She would have remembered a man like this.

He was wearing blue denim jeans and a white T-shirt, and there was a brown leather jacket hanging over the back of the chair. The temperature in the unit was kept high for the sake of the babies, so he didn’t need the jacket in here. The garment looked well-worn, and must hug his body snugly when he had it on. Those shoulders, beneath the T-shirt, were broad and strong, and so was his chest.

He seemed to be consumed by his thoughts, although his eyes were fixed on baby Alice. They were very blue eyes, the color of shadows on snow, and above them was a frown. A lot of people frowned when they saw Alice for the first time. She was still so tiny, and still wore an oxygen mask. This stranger seemed to be measuring her in his mind, and as Suzanne watched, he bent a little closer, as if he needed to study the baby more closely still.

The movement brought his hair into the light. It was a rich, glossy brown, just long enough to fall into a couple of loose waves across the top of his well-shaped head, and it gleamed with strands of gold.

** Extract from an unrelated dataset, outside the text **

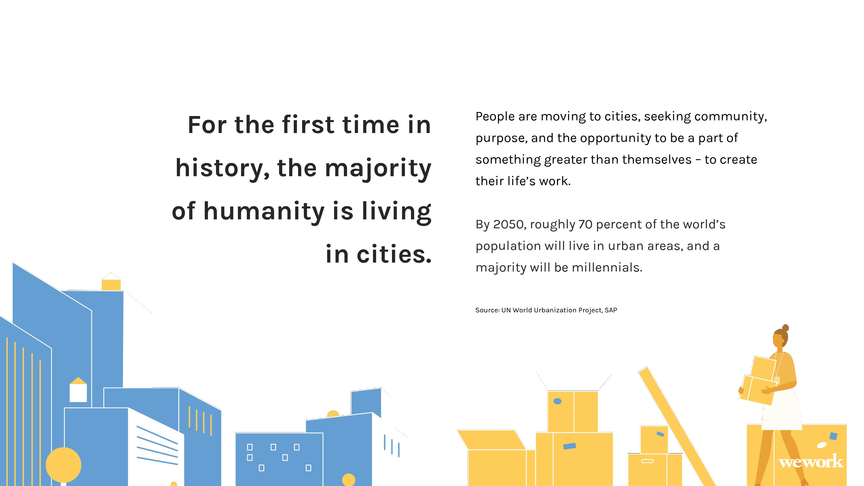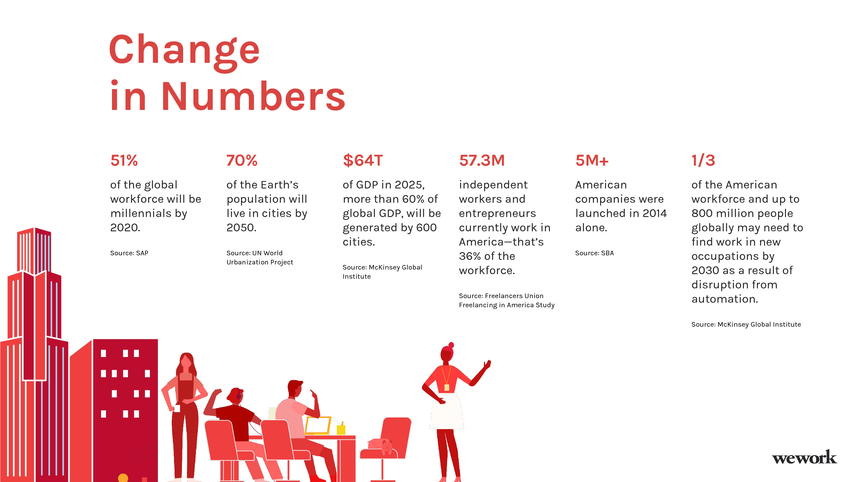 WeWork发布了新报告“2018年经济影响报告”。城市正在发生变化,找工作、生活和娱乐场所的年轻人正在向大大小小的城市迁移。到2050年,约70%的世界人口将住在市区,大部分是千禧一代。到2025年全球600个城市为GDP贡献60%。目前,美国有5730万独立工作者,占劳动力的36%。

He had a scar down one cheek, Suzanne noticed as she came closer. Nothing dramatic. Just a silvery white line. It gave him an exotic look. Her gaze traveled along the thin line to reach his mouth and she saw that his top lip was just a little fuller than the lower one.

My lord, who could he be? she wondered again.

A little sound of apprehension and dismay escaped from her throat as she came past the crib next to Alice’s. It caught his attention at last. He looked up. Their eyes met, and Suzanne saw a flash of interest and anticipation in those blue eyes. Neither of them smiled. For a stretched out moment, neither of them even spoke.

Suzanne felt his assessment of her like the hot glare of a surgical lamp. She flushed. What was he thinking? There was a calculation in his regard, as if they were two athletes about to go head to head in a race.

“You must be Suzanne,” he said at last. “Is that right? Josephine’s half sister?”

“I’m Jodie’s half sister, yes.”

She used her dead sister’s nickname deliberately, as if to underline their connection and the fact that it was stronger than any connection he could possibly claim. No one had called Jodie Rimsky “Josephine.” Even her listing under Physicians in the Manhattan telephone directory had read, “Jodie Rimsky, M.D.”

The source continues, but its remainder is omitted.